2008-10-27 16:18:12 UTC

Post by Eris Discordia
The set of "big books on regular expressions" includes Jeffrey Friedl's
"Mastering Regular Expressions" that happens to contain a chapter by the

Post by Charles Forsyth
DFA Speed with NFA Capabilities: Regex Nirvana?

This guy seems to blur the distinctions here. His discussion
makes it sound like he's saying that NFAs have more expressive
power than DFAs. This is incorrect. Both NFAs and DFAs have
exactly the same expressive power as the class of grammars
called regular. For the arbitrary case of nesting (e.g. parens),
these machines are insufficient.
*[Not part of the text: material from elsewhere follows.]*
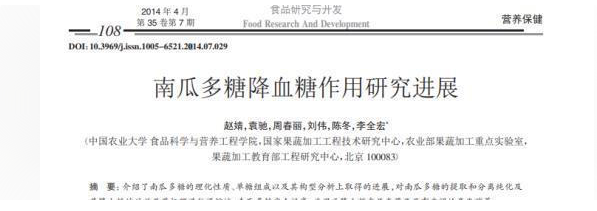 [1]赵婧,袁驰,周春丽,等.南瓜多糖降血糖作用研究进展[J].食品研究与开发,2014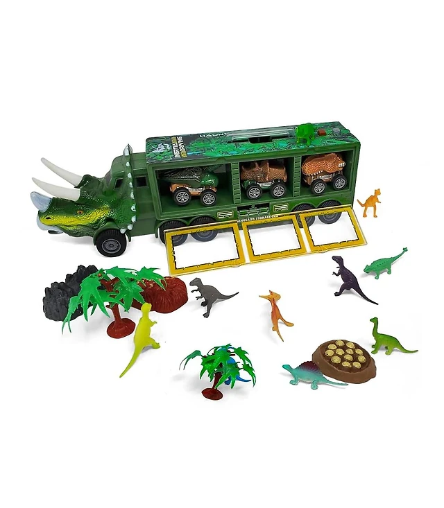Kovot Dino Transport Truck Play set: 14" Long with Light & Music, 3 Cars, 27 Mini Dinosaurs, Props, Car Launcher, and Ramp

However, for any prescribed
maximum nesting level, you can write a regular expression to
account for it, though it becomes clumsy.

To get more expressiveness, you need to go to a machine
with more functionality. Classically, the next step
up the hierarchy is the pushdown automaton. The expressive
power of this machine corresponds directly to the context-
free grammars. Because the full generality of the CFG
require nondeterminism, automated translations from CFG
to code/machine are usually done with restricted classes
of CFGs, such as LR(k) and LALR. You can also increase
the power of a FA by adding a counter or by making the
transitions probablistic. If you truly want to build
expression matching mechanisms that go beyond regular,
building on the FA with counter(s) would be a far more
sound foundation than a lot of the ad hoc stuff that's
been done. But the truth is that whipping up a CFG
and feeding it to yacc is far more expedient than torturing
regular expressions all day.

Post by Eris Discordia
Again, turns out the "big books on regular expressions" can give the
lowlife--that's me--things "hackers" deny them.
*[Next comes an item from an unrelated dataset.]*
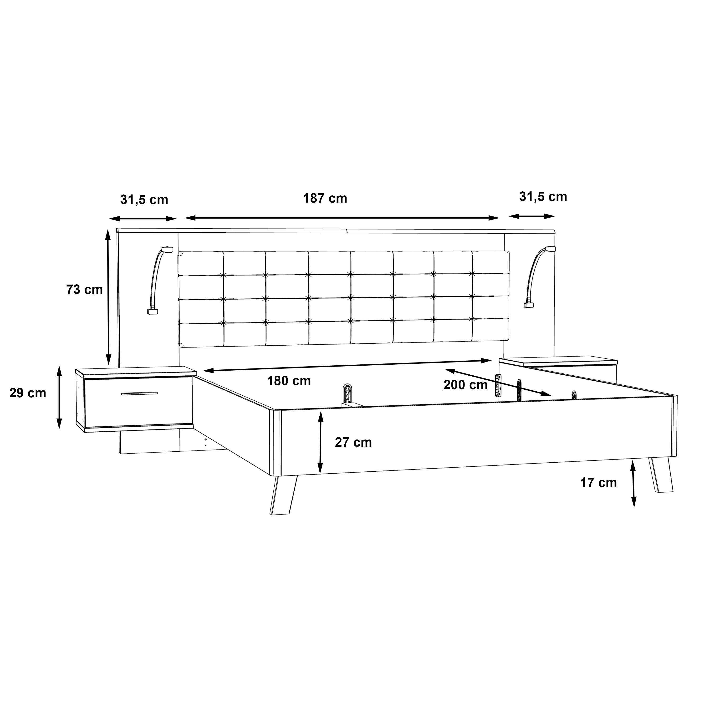 Avec ses dimensions généreuses de 180 par 200 cm, ce lit est idéal pour les grandes chambres, apportant un espace de sommeil spacieux et agréable.

And a good book on automata theory can give you far more
than any "big book of...", "... in 21 days" or "... for
dummies" book can. Besides, why would you think that
anyone is denying you knowledge or the opportunity
to write code that demonstrates your ideas?

BLS

John Stalker

2008-10-24 18:06:04 UTC

Post by Rudolf Sykora
you probably mean NON-greedy ops.

Yes, my mistake. I'll risk making a very minor correction to

Post by Rudolf Sykora
Backreferences within the pattern (such as in /(.*)\1/) make the
matcher non-regular and exponentially hard.
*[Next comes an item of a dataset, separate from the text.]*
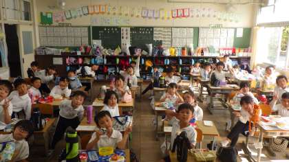 土曜日に運動会が開かれました。小学校初めての運動会。1年生の徒競走、ツバメの演舞、玉入れでは、力いっぱい走り、踊り、投げることができました。教室へ戻り、感想を聞くと、「ツバメが練習より上手に踊れたよ!」、「みんなで力を合わせたからこんなにいい運動会になったよ!」と、とても満足した様子でした。お弁当もおいしく楽しくいただきました。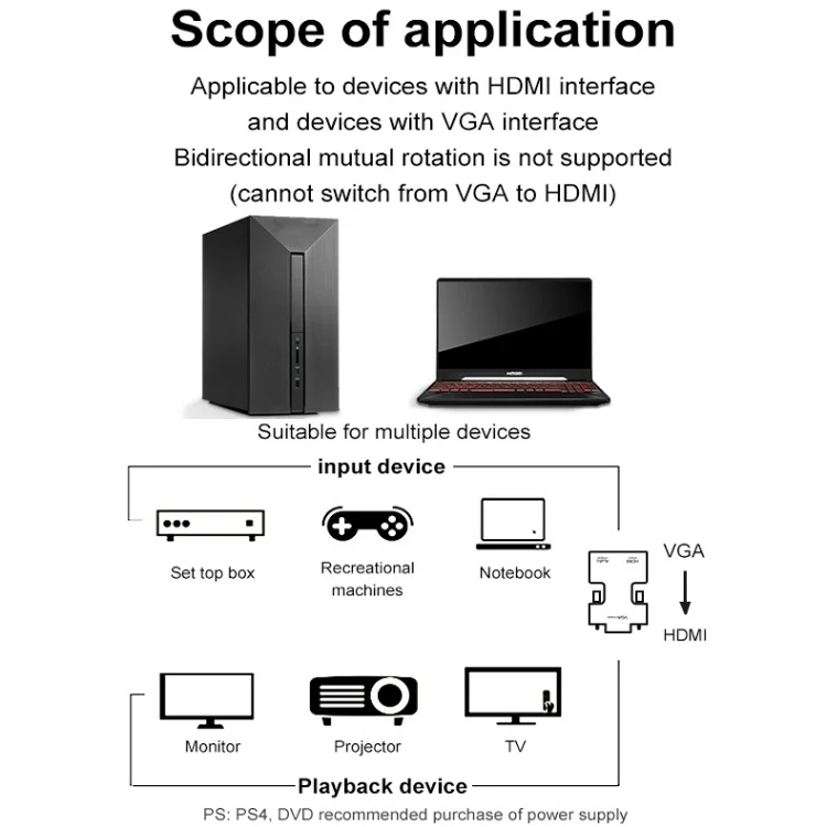 11. Scope of application: applicable to devices with HDMI interface, devices connected to VGA interface, does not support two-way mutual transfer

They do change the class of the grammar and nobody knows how to
implement them in subexponential time, but it hasn't been proved
to be impossible.

--
John Stalker
School of Mathematics
Trinity College Dublin
tel +353 1 896 1983
fax +353 1 896 2282

Uriel

2008-10-24 17:12:50 UTC

Just because something is possible doesn't mean that it is a good
idea. Implementing every possible feature is the GNU/way, if you want
to go down that path, you know where to find it.

Post by Rudolf Sykora
I once
wrote a program in python and was pretty happy to have non-greedy
operators and lookahead assertions on hand. Should I hadn't had those,
I probably wouldn't have been able to write it (nicely).

Python uses the absolutely dreadful and unintelligible PCRE, which not
only have unpredictable performance as Russ points out, but are a
total mess so complex that I doubt anybody fully understands them,
they are to Plan 9 regexps what C++ is to C.

Maybe Plan 9 regexps are not as 'powerful', but at least I can understand them.

uriel

Charles Forsyth

2008-10-24 19:49:24 UTC

Post by Rudolf Sykora
If I try sth. like
/( b(.)b)/a/\1\2/
on
bla blb 56
I get
bla blb\1\2 56
which is not quite what I want... How then? (I'd like to get 'bla blblblb 56')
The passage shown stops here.